Punto de Encuentro

2026: Un complicado panorama electoral

Por: Iván Torres La Torre – Abogado 

En una cifra nunca vista, el Jurado Nacional de Elecciones oficializó la inscripción de treinta y siete planchas presidenciales que se disputarán la presidencia del Perú en abril de 2026. Es sorprendente la cantidad de candidatos presidenciales y lo engorroso que resultará votar en las próximas elecciones con una cédula tan grande, a la que se sumarán los candidatos a Senadores, Diputados con su respectivo voto preferencial.
¿Qué le espera al elector? Un escenario de decisión que no se presenta fácil. No es sencillo exigir voto informado con tan elevado número de candidatos que prometerán “el oro y el moro”. No es de extrañar que nuevamente surjan los mismos cuestionamientos de siempre: candidatos con investigaciones, con sentencias y en general, una larga lista de aspirantes a presidente y parlamentarios que no podrán ser identificados plenamente. 
Una vez más, el elector votará por intuición y por los que se hagan conocer mejor. Definitivamente la atomización de partidos no favorece a ninguna campaña electoral.
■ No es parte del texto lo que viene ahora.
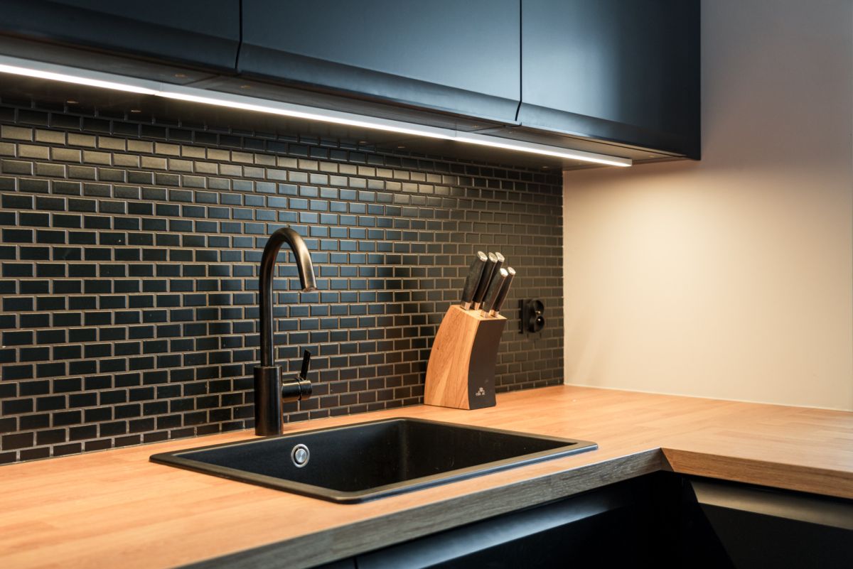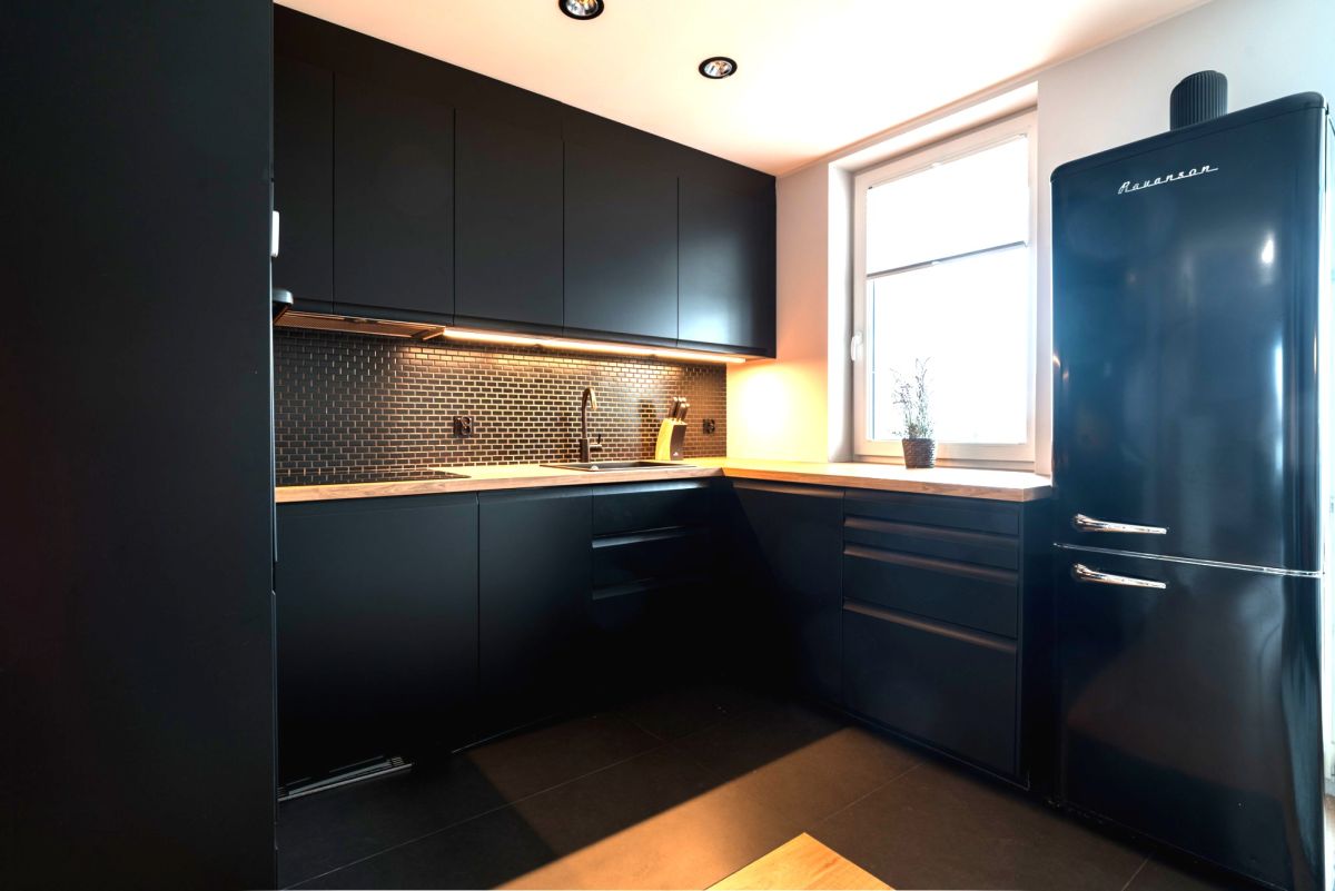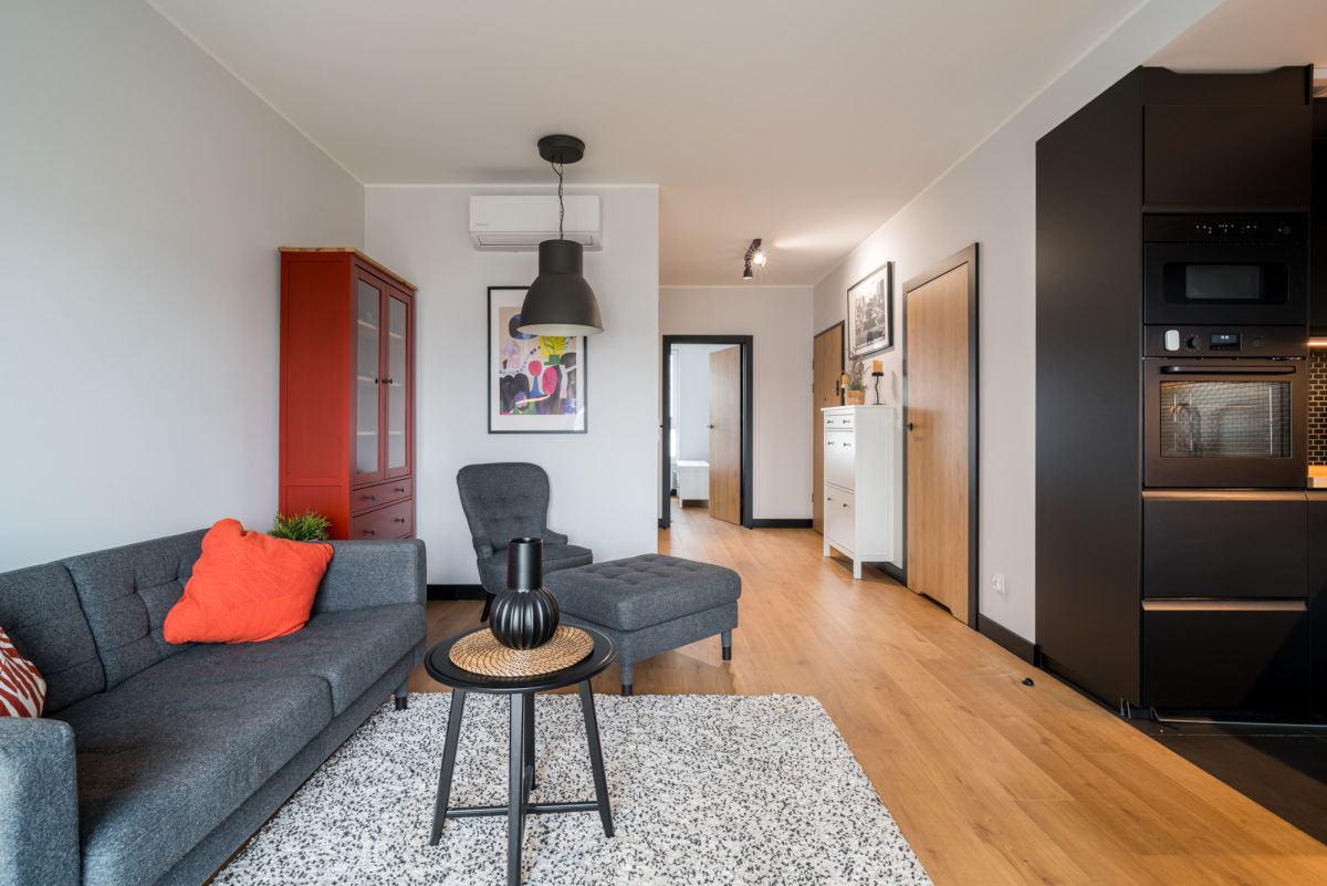 Serce mieszkania stanowi jasny salon z aneksem kuchennym. Kuchnia zachwyca nowoczesnym charakterem - czarne fronty szafek pięknie kontrastują z ciepłem dębowego blatu, a zabudowany sprzęt AGD (wciąż na gwarancji) zapewnia wygodę na co dzień. W części wypoczynkowej czeka komfortowa kanapa oraz stylowy fotel uszak z podnóżkiem - idealne miejsce na relaks po długim dniu.
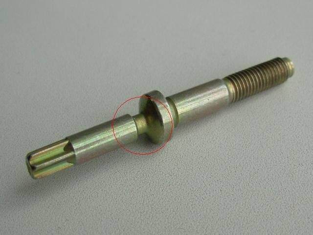 Как и обещал, выкладываю фото болта, красным кружком обозначено технологическое место обламывания болта при зажимании.
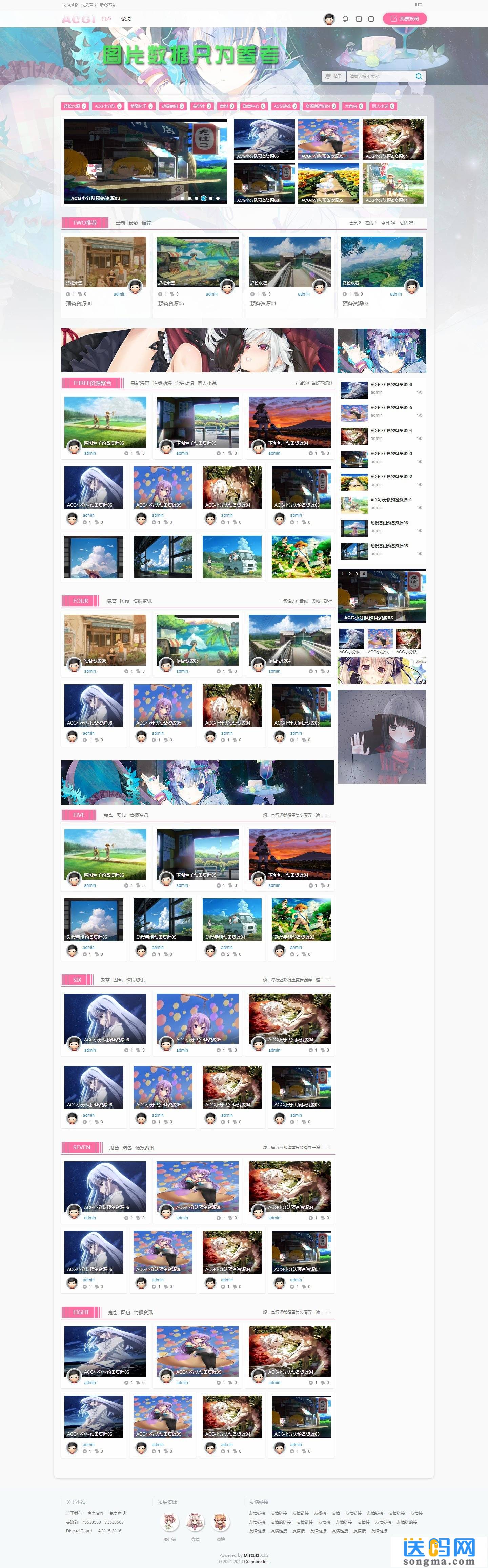 预留横幅广告位置*5,主分区宽度810px两个,右栏280px三个,可以自行增加。

Sin embargo, en medio de todo este universo de candidatos, encontramos un punto de encuentro que el elector peruano buscará identificar: El elector peruano, ante tanta incertidumbre de oferta política, buscará el cambio; buscará encontrar a un nuevo líder, un estadista que pueda ofrecer al país una verdadera alternativa de gobierno convergente, que sepa unir las grandes aristas de nuestra nación: La alternativa social, el acercamiento al pueblo, pero mirando también al empresariado nacional y extranjero, enfocándose en una política de inversiones y de industrialización de la grande, mediana y pequeña minería, de la pesca industrial y artesanal, de la agricultura nacional; la modernización de los servicios de salud; la implementación de una política sólida de seguridad social y de previsión social con pensiones dignas con manejo moderno; que deje atrás modelos trasnochados pero que no descuide el rol del Estado. El país necesita un candidato con frescura y con una propuesta de renovación integral. Calará en el pensamiento del votante aquella fórmula presidencial que maneje un nuevo discurso con prioridades clares y trascendentales para el país con una nueva visión de Estado que represente un cambio en la psicología del país. 
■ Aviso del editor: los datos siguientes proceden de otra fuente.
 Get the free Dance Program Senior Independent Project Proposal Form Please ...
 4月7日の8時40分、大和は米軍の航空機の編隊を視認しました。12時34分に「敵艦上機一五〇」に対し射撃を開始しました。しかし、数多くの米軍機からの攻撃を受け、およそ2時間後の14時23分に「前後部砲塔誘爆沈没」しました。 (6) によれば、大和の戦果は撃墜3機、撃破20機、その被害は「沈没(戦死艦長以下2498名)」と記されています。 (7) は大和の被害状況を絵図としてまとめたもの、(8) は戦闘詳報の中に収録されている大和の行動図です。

La convergencia política estadista nos debe llevar a buscar la unidad nacional; necesitamos un gobierno moderno que se integre al nuevo modelo de globalización, pero con armonía en las grandes políticas de Estado. El país busca un nacionalismo siglo XXI, con visión estratégica y geopolítica. No podemos entregar el país a ideas obsoletas que nos mantienen en el atraso. No podemos continuar en manos de la corrupción ni del clientelismo político. El Perú necesita grandes cambios sociales, políticos, estructurales sin perder el modelo económico que nos ha dado tranquilidad y éxito.
Se necesita potenciar la explotación de nuestros recursos en armonía con el medio ambiente. La ecología y la industria no tienen por qué ser enemigas. Las grandes inversiones no tienen que colisionar con la pequeña industria nacional. Los gremios y los empresarios deben estar en una misma línea. En todo este gran esquema de Estado, la población juega un rol esencial: La atención a las etapas de vida: la niñez, los adultos mayores, las madres gestantes, las familias son ejes fundamentales para la construcción de un tejido social sólido que ponga fin, de una vez por todas, a los grandes flagelos de violencia y corrupción que nos azotan. Las políticas criminales deben ir de la mano con la política social. El candidato que pueda unificar todos estos grandes desafíos nacionales podrá convertirse en el nuevo presidente del Perú que haga historia; caso contrario, si no apostamos por el cambio, por la frescura y la renovación, será más de lo mismo y ya conocemos el final de esas historias. Hasta la próxima.